EC2 Container Service - Cluster and Container Instances

  • Clusters are a group of Container Instances.
Container Instances:
  • Container instances run one or more containers
  • Container instances must run the “ECS Container Agent” which will register with an ECS Cluster
    • the “Container Agent” is really well thought out – for instance, you can set or pass values to the ECS Container Agent during install so that EC2 instances within an Auto Scaling Group are automatically registered with an ECS cluster

Task Definitions, Tasks and Services:

You’ll run your application by creating a Task Definition and then running the Task Definition across one or more Container Instances. I’ll explain the Task Definitions, Tasks and Services resources below.

Task Definition:

A task definition contains three parts:

  • Container Definitions – this is a list of one or more containers that make up a task. An example would be an nginx container running front-end code and an nginx container running back-end code. An example of two different “Task Definitions” is given below – one of these task definitions utilizing only one container, while a second, different task definition requires two different containers.
    EC2 Container Service - Task Definition
  • Family – an arbitrary name for the task definition – if you iteratively modify your Task Definitions you can utilize the “Family” to keep these different versions.
  • Volumes (optional) – a list of volumes that will be made available to the containers running within a given Container Instance.
    • I have not needed to utilize Volumes as I’ve been able to clearly communicate or utilize other services to avoid the requirement for Block Storage.

A task is created when a “Task Definition” is run on a container instance. You can use one “Task Definition” to instantiate containers on multiple hosts – for instance, when you click on “Run new task” and select a task definition you’ll be asked how many “tasks” you want to run. If you have a task definition that contains two “Container Definitions” and you want to run 2 tasks, Amazon will place two containers on one of the Container Instances and two containers on the other Container Instance.


A service is a “superset” of a Task Definition. An example of a “Service” is shown below – note the addition of an Elastic Load Balancer.

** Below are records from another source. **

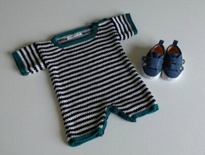 A cute and comfy loose fitting romper for baby boys and girls with either short sleeves and legs or long sleeves and legs. Perfect for all year around wear. Make in cotton yarn for the spring / summer and merino wool for autumn / winter. Buttons at the shoulder and crotch make dressing and nappy changing easy.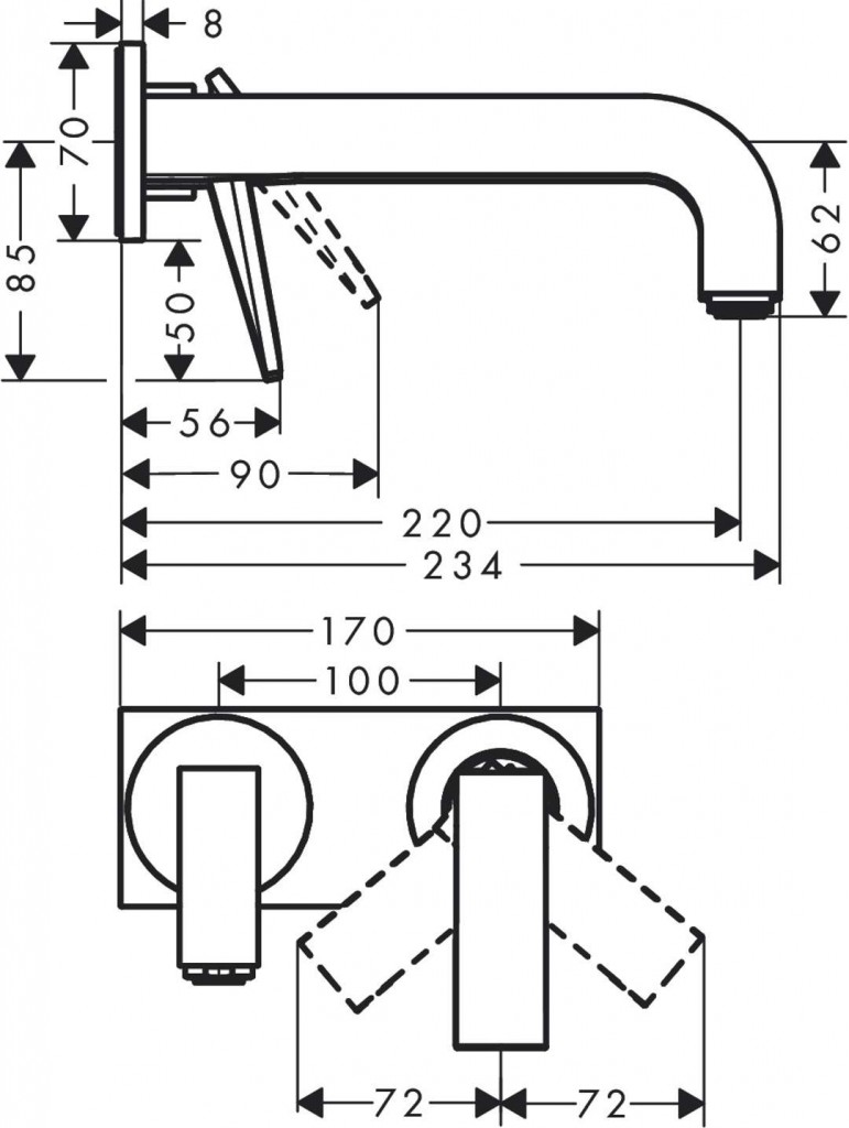 - ovládací páku lze umístit vpravo nebo vlevo, závisí na instalaci tělesa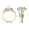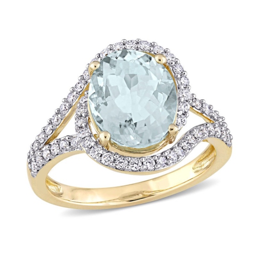 This stunning crossover aquamarine ring is crafted in 14-karat yellow gold and features a sparkling oval-cut aquamarine 3.20 carats (ctw) in a unique diamond studded halo split shank design. Give yourself a glamorous look with this trendsetting ring featuring the March birthstone in all its glory and a 1/2 carat (ctw) of sparkling diamonds.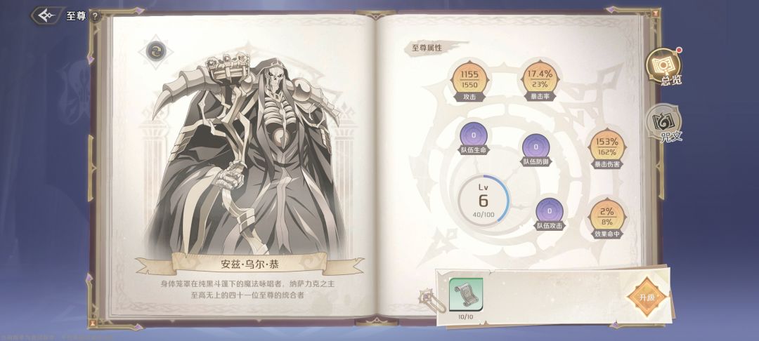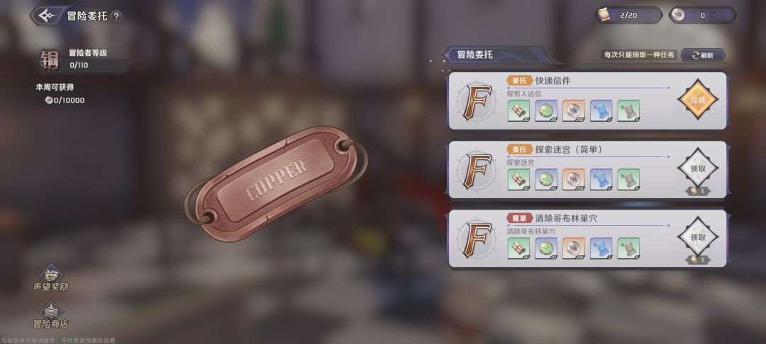 今天第三天,看到冒险家公会的委托了,就离谱,交任务还得回冒险者公会交,委托的商店里有升级和解锁至尊(一共两个,安兹·乌尔·恭和塔其·米,塔其·米玩家等级100级才解锁)的技能的材料。选择清楚哥布林巢穴后会解锁个限时一个小时的副本,能刷升至尊技能的材料,20体力一次。

EC2 Container Service - Services

When you create a service you define the following:

  • the “Task Definition” used to determine which Tasks/Containers will be run
  • a desired number of tasks
  • a Load Balancer

In return for the bit of extra work, the service will:

  • “run and maintain a specified number of tasks.” If you ask for 4 tasks when you instantiate a service, ECS you’ll always have 4 tasks running.
  • utilize a Load Balancer for routing traffic to Container Instances instances that are running a given Container.
Services versus Tasks:


  • if a task fails, ECS does not return the task to service
  • when defining a “Task Definition” you are not allowed to define a Load Balancer


  • if a task fails, ECS will return the task to service
    • an example would include the loss of a Container Instance that drops the number of running tasks below the number of – when a new Container Instance is brought into the cluster a new task will be started
  • when defining a “Service” you are optionally allowed to define a Load Balancer

Auto Scaling with ECS:

  • In regards to the “Container Instances” as part of an Auto Scaling Group, here is a real world example of this benefit:
    • terminate a Cluster Instance that is a member of an ECS Cluster and an Auto Scaling Group
    • the Auto Scaling Group will bring a new EC2 Instance in service
    • the new EC2 Instance’s user data contains instructions for configuring and installing the ECS Container Agent
    • the ECS Container Agent registers the new EC2 Instance with the cluster

Running ECS:

For those who prefer to “learn by doing” – if you navigate to my “Snippets” repository on GitHub you’ll notice the following file – this will create a working ECS Cluster running nginx and all other required resources. The link is here:

Future Post:

I’ll be covering some of the following in a future post:

  • How to best utilize Security Groups when working with ECS?
    • Note: it would seem obvious that Security Groups aren’t sufficient for securing Docker containers within ECS – maybe AWS is working on something?
  • Best practices for building clusters – do you build one large cluster for all environments, do you build one cluster per environment?
  • Does AWS / ECS distribute services/tasks across Availability Zones correctly?
  • Can I utilize ECS to have an unequal number of containers – for instance, can I have a 2 to 1 relationship of front-end to back-end instances?
  • Tuning resource usage of Containers.
  • How are “tasks” within a service considered healthy?
  • How to delete task definitions from AWS?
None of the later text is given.